Things like power, identity, gender, ideology (or world view), ethnicity, culture, and so forth are the “round earth” complexities of the organizational landscape that call for a more sophisticated understanding of communication. And these complexities need to be accounted for if we are to have a good understanding of organizational communication.

So this all has to do with our approach to communication—either as a thing that happens within organizations, or a social process that actually constitutes organizations (and organizational realities) … and our corresponding approach to organizations—either as relatively neutral containers that exist apart from communication, or as contested sites of power, resources, and strategies that converge into recognizable forms we call organizations.

Now I certainly recognize the importance of the conventional approach to organizational communication—communication within organizations based on an informational view of communication … but I’m trying to push us to a deeper, more sophisticated understanding of organizational communication—organizations as communication, based on a constitutive view of communication.

The point, then, is that a constitutive view of organizations as communication enables us to question and investigate key organizational realities, not just accept them as given. We can question the existence of the organization—its structure, its forms of power, its guiding assumptions, its norms of operations—and so on. If these organizational features are not “natural,” but rather came into existence through specific communication processes, then we can examine the implications of those communication processes and explore ways of communicating that lead to more favorable organizational outcomes for more people.

We can examine, for example, how certain patterns of interaction give rise to norms of conflict resolution, or how the taken‐for‐granted values of a particular industry or sector shape the practice of leadership, or how interpersonal dynamics affect the success of an organizational change initiative. We can look at how certain views of masculinity or femininity are connected to communication practices, or how our very identities are often created and sustained through organizational communication. We can uncover hidden forms of power and control that are embedded within communication processes. We can explore ways to make organizations more equitable and representative by surfacing alternative voices. We can figure out how to make organizations more productive, adaptive, and responsive through organizational communication that encourages innovation and collaboration. Whatever the case, a constitutive view of organizations as communication provides a much stronger explanatory framework to understand the complexities of organizing and communicating.

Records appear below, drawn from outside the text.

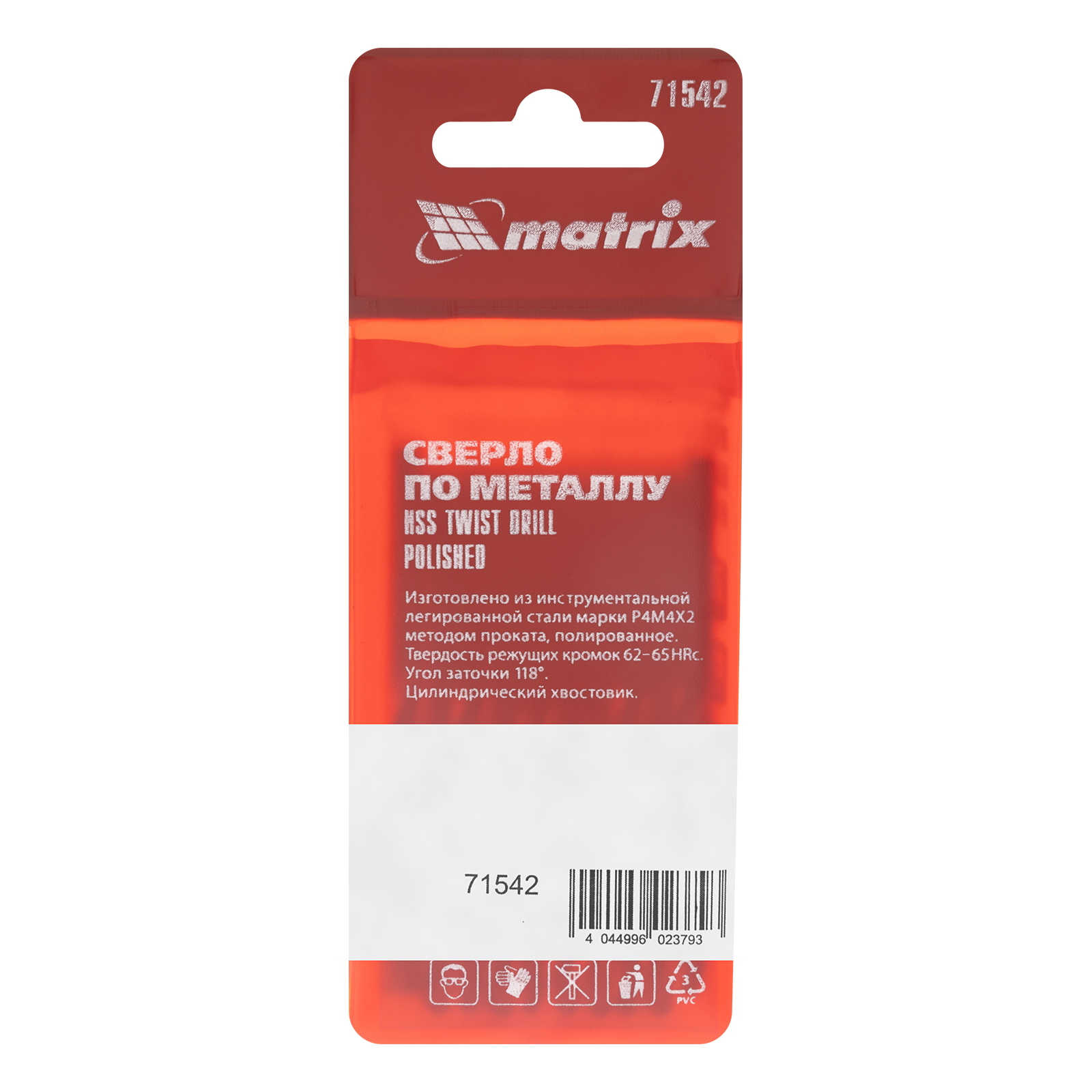 Полированное сверло по металлу Matrix 71542 из стали HSS, с цилиндрическим хвостовиком, 10 шт. в упаковке, используется для получения отверстий диаметром 4,2 мм. Угол заточки составляет 118°, поэтому сверло оптимально для работы с черными металлами, сталью, чугуном и твердой бронзой.
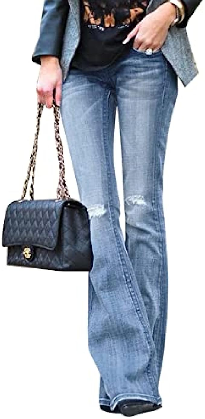 luvamia Women's Ripped Flare Bell Bottom Jeans Pants Retro Wide Leg Denim Pants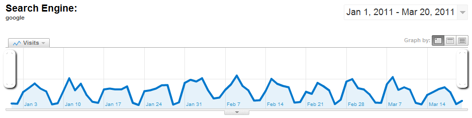 Here’s an example of a business in the B2B cloud computing sector with steady organic traffic levels through the first killer Panda update – in fact, it claimed some non-paid search traffic gains toward the end of February after Panda rolled out. The site publishes multiple, search-friendly industry news articles each day. Its SEO viability is clear as it gained keyword search referrals throughout the launch of Panda. The number of organic referring keywords to the site in February represented a 14 percent increase over the number of referring keywords it had in January.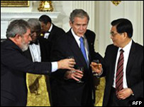 अमरीका के राष्ट्रपति जॉर्ज बुश ने कहा है कि जी-20 में आर्थिक मंदी को लेकर हुई प्रगति से वे संतुष्ट हैं. दुनिया के बीस प्रमुख विकसित और विकासशील देशों के संगठन जी-20 की बैठक को संबोधित करते हुए उन्होंने आगाह किया कि 'संरक्षणवाद' समस्या का समाधान नहीं है. उन्होंने कहा, "ऐसी परिस्थितियों में इस बात का ख़तरा रहता है कि सरकारें संरक्षणवादी नीतियाँ अपनाने लगती हैं." उन्होंने कहा कि खुले बाज़ार और व्यापार की नीति ही जारी रहनी चाहिए. अगले दो महीने के लिए अमरीका के राष्ट्रपति रहने वाले जॉर्ज बुश ने कहा कि नेताओं ने 'बेबाक' तरीक़े से बातचीत की और प्रगति भी हुई है, लेकिन उन्होंने कहा कि अभी बहुत कुछ किया जाना बाक़ी है. ब्रितानी प्रधानमंत्री गॉर्डन ब्राउन ने कहा कि अंतरराष्ट्रीय बैंकिंग व्यवस्था में 'साफ़-सफ़ाई' की ज़रूरत है, उन्होंने ज़ोर दिया कि इस बैठक में जो उपाय सुझाए गए हैं उन पर जल्द से जल्द अमल किया जाना चाहिए. भारत के प्रधानमंत्री मनमोहन सिंह सहित इस बैठक में दुनिया के 20 शीर्ष नेता हिस्सा ले रहे हैं. मनमोहन सिंह की आर्थिक मामलों की विशेषज्ञता की वजह से उनकी सलाहों को काफ़ी अहमियत दी जा रही है. बीबीसी संवाददाता का कहना है कि इस बैठक में हिस्सा ले रहे नेताओं में थोड़े मतभेद भी हैं, अमरीका और कुछ अन्य देश हल्के-फुल्के सुधारों के हामी हैं जबकि कई यूरोपीय देश कड़े नियमों की वकालत कर रहे हैं. ब्रितानी विदेश मंत्री गॉर्डन ब्राउन ने कहा कि नेताओं को कई मुश्किल मुद्दों पर सहमति बनानी है, उन्होंने कहा कि जल्द से जल्द यह समय सीमा तय करने की ज़रूरत है ताकि बैंकों को क्रेडिट उपलब्ध हो और वे लोगों को उधार दे सकें. जर्मन चांसलर एंगेला मर्केल ने कहा कि "दुनिया के सभी देश इस समस्या से प्रभावित हैं और उनके भीतर इसे सुलझाने की इच्छाशक्ति भी दिख रही है जो बहुत ही आशाजनक बात है. लोग चाहते हैं कि ऐसा संकट दोबारा पैदा न हो". इस बैठक के बाद जी-20 के नेता अगले वर्ष मार्च में दोबारा बैठक करके स्थिति की समीक्षा करेंगे, तब तक नवनिर्वाचित राष्ट्रपति ओबामा कार्यभार संभाल चुके होंगे. वाशिंगटन में हो रही मौजूदा बैठक में अंतरराष्ट्रीय मुद्रा कोष और विश्व बैंक जैसी संस्थाओं की भूमिका पर भी चर्चा हो रही है. जी-20 में अमरीका और विकसित यूरोपीय देशों के अलावा भारत, चीन और ब्राज़ील जैसी उभरती अर्थव्यवस्थाएँ भी हैं. इस संगठन के सदस्य देशों की अर्थव्यवस्थाएँ सारी वैश्विक अर्थव्यवस्था का 85 प्रतिशत हिस्सा है. |

What I’m advocating, therefore, is a communicative approach to our understanding of organizations. Organizational communication is all about taking a communication perspective to the study of organizations—exploring organizations through the lens of communication. Communication is not the thing to be explained; communication actually provides an explanatory framework from which to understand the complexities of organizational life.

Of course our natural tendency is to relapse back to the conventional view, the container metaphor‐‐communication within organizations—because it seems simple and intuitive from a limited perspective. But I’m trying to push us towards a deeper understanding, a perspective that better accounts for the complexities of organizing and human interaction.

So what is organizational communication? And what are we doing when we study organizational communication? Communication is “organizational” not just because it happens within organizations, but rather because it coordinates the activities and interpretations of multiple people into an organized, recognizable form and sustains or alters this form for subsequent collective action. To study organizational communication, therefore, is to study the fundamental social processes that create and sustain the dominant structures of our society.